AbbVie’s Ubrogepant Study: A Potential Game-Changer for Pediatric Migraine Treatment

Abbvie ((ABBV)), Abbvie (($CC:ABBV.CUR)) announced an update on their ongoing clinical study.

AbbVie is conducting a Phase 3 clinical study to evaluate the efficacy, safety, and tolerability of oral ubrogepant tablets for the acute treatment of migraine in children and adolescents aged 6-17. This study aims to address the significant burden of migraine in this age group by testing ubrogepant, a drug already approved for adults, in younger patients.

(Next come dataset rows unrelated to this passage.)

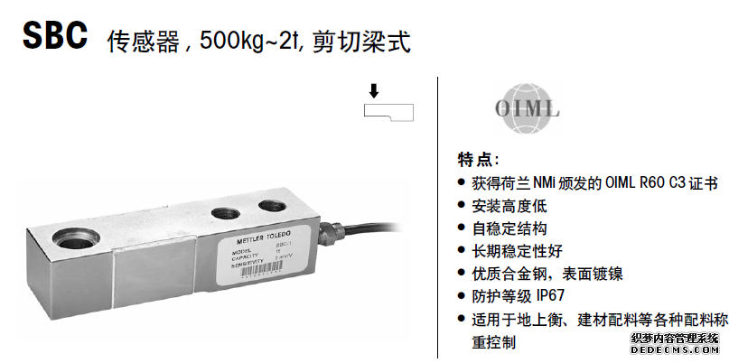 英文名稱:mettler toledo稱重傳感器SBC-2t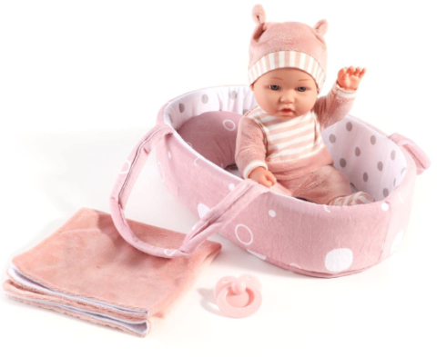 Păpușa vine așezată într-un pătuț portabil, ușor de transportat, căptușit cu un material plăcut la atingere și imprimat cu buline delicate, perfect pentru a fi luat peste tot.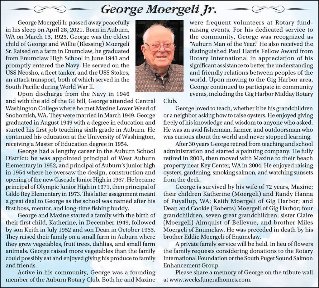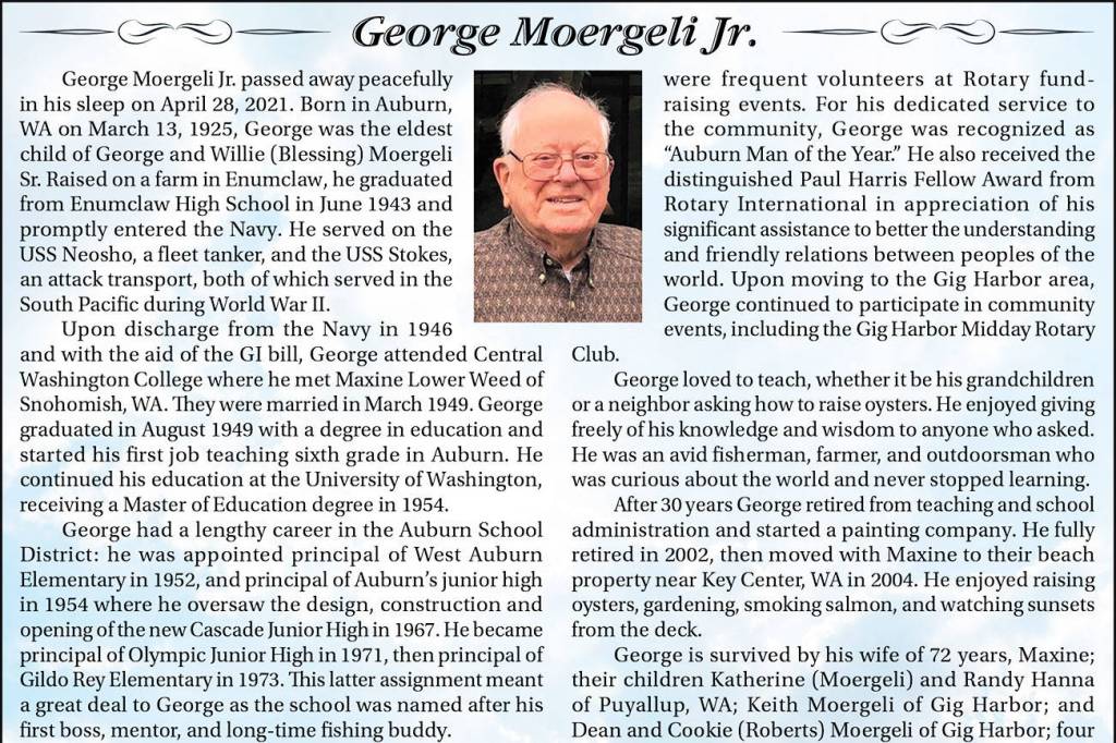 George Moergeli Jr. died April 28, 2021, at the age of 96.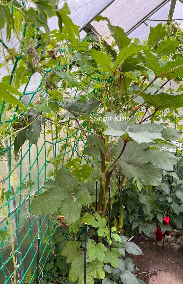 Okra ist eine der ältesten Gemüsearten und gehört zu den Malvengewächsen. Sie wächst aufrecht mit großen Blättern, schönen, bis zu 8 cm großen, gelben Blüten mit tiefrotem Kelchschlund und bis zu 30 cm langen, schlanken, burgunderfarbenen, essbaren Schoten.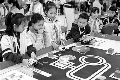 近日,西安市新城區舉辦2025年學生信息素養提升實踐活動,全區700余名中小學生參加。該活動以“實踐、探索、創新”為主題,共設置11個競賽項目,涵蓋人工智能、機器人、航天創意設計等前沿領域,引導學生在實踐中提升信息素養,激發創新熱情。圖為學生在參加機器人挑戰賽。

The study involves administering oral tablets of ubrogepant in varying doses to determine the most effective treatment for children and adolescents experiencing migraines. Participants are randomized to receive either a low or high dose of ubrogepant or a placebo, with an option for a second dose if needed.

This interventional study employs a randomized, parallel assignment model with triple masking to ensure unbiased results. The primary purpose is to assess treatment efficacy.

The study began on January 13, 2022, with an estimated primary completion date in 2025. The latest update was submitted on August 13, 2025, indicating ongoing recruitment and progress.

The outcome of this study could significantly impact AbbVie’s stock performance by expanding the market for ubrogepant to a younger demographic. This development may influence investor sentiment positively, especially if the results demonstrate safety and efficacy. Competitors in the migraine treatment space will be closely monitoring these developments.

The study is ongoing, and further details can be accessed on the ClinicalTrials portal.